_Data excerpt_

* * *

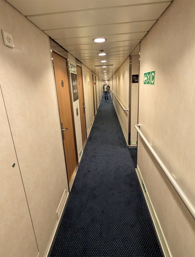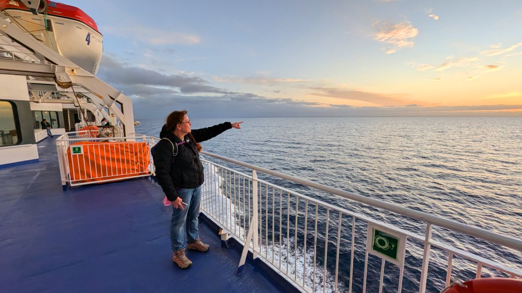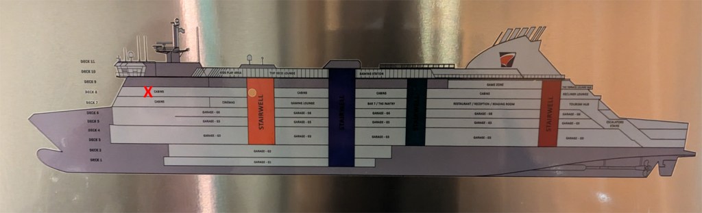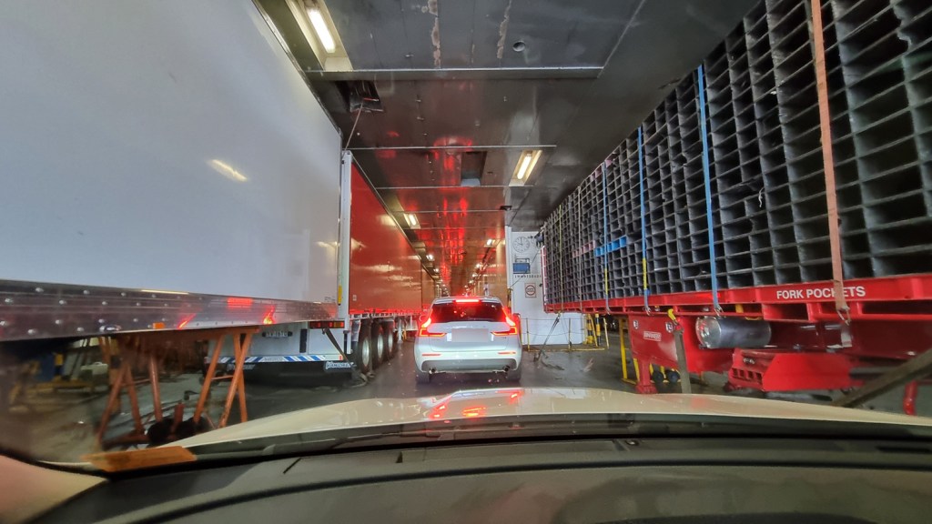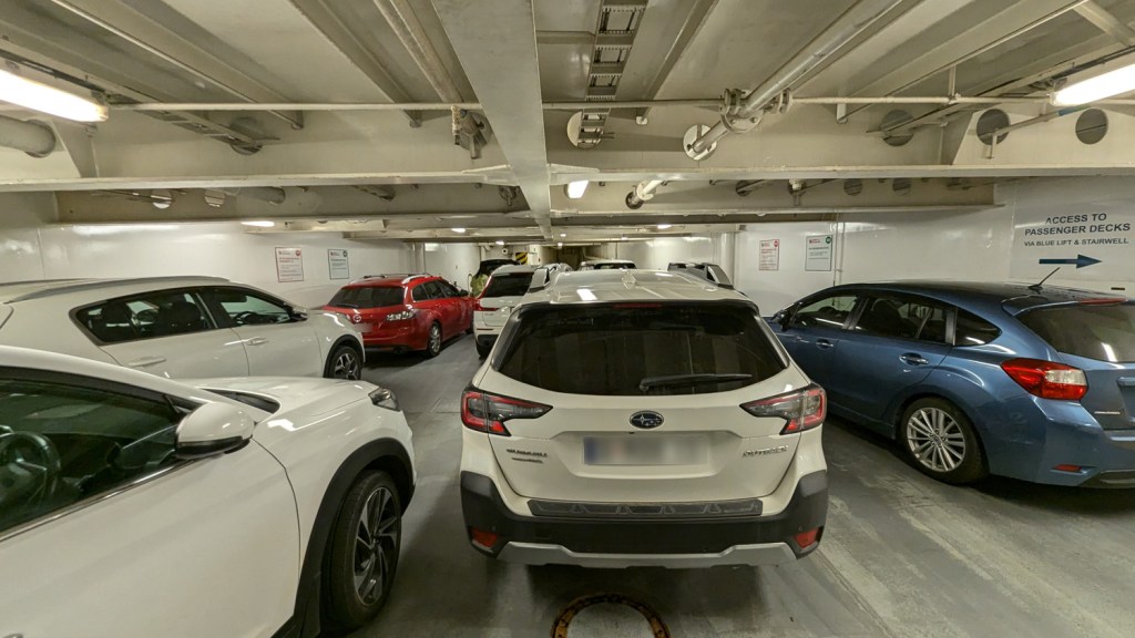 On the voyage over, we were one of the first cars off, this time one of the last. We were parked on the lowest deck in a wedge towards the front of the ship, having to wait for cars behind us to depart before doing a three point turn to drive out.
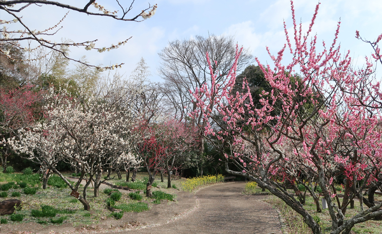 梅園には約25種150本の梅が植栽されており、1月下旬から3月上旬にかけて次々と開花していきます。
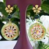 Orecchini ceramica Caltagirone  , orecchini teste di moro con fiori smaltati, orecchini siciliani
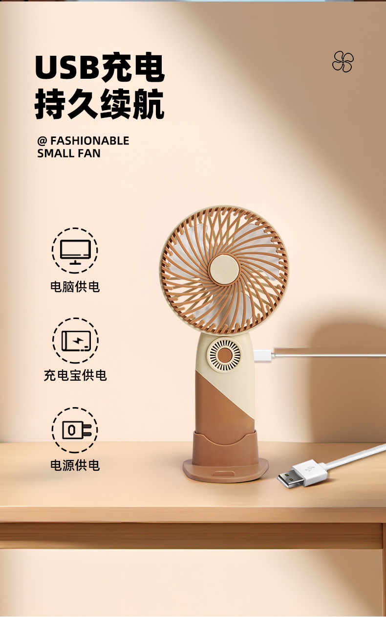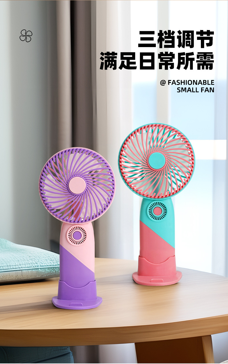 新款马卡龙手持小风扇带底座桌面usb风扇礼品学生便携迷你电风扇

* * *

Everything from the line with "Orecchini ceramica Caltagirone" through the last line above must be repeated exactly, except the pictures.

_Response area_
 Orecchini ceramica Caltagirone  , orecchini teste di moro con fiori smaltati, orecchini siciliani
 新款马卡龙手持小风扇带底座桌面usb风扇礼品学生便携迷你电风扇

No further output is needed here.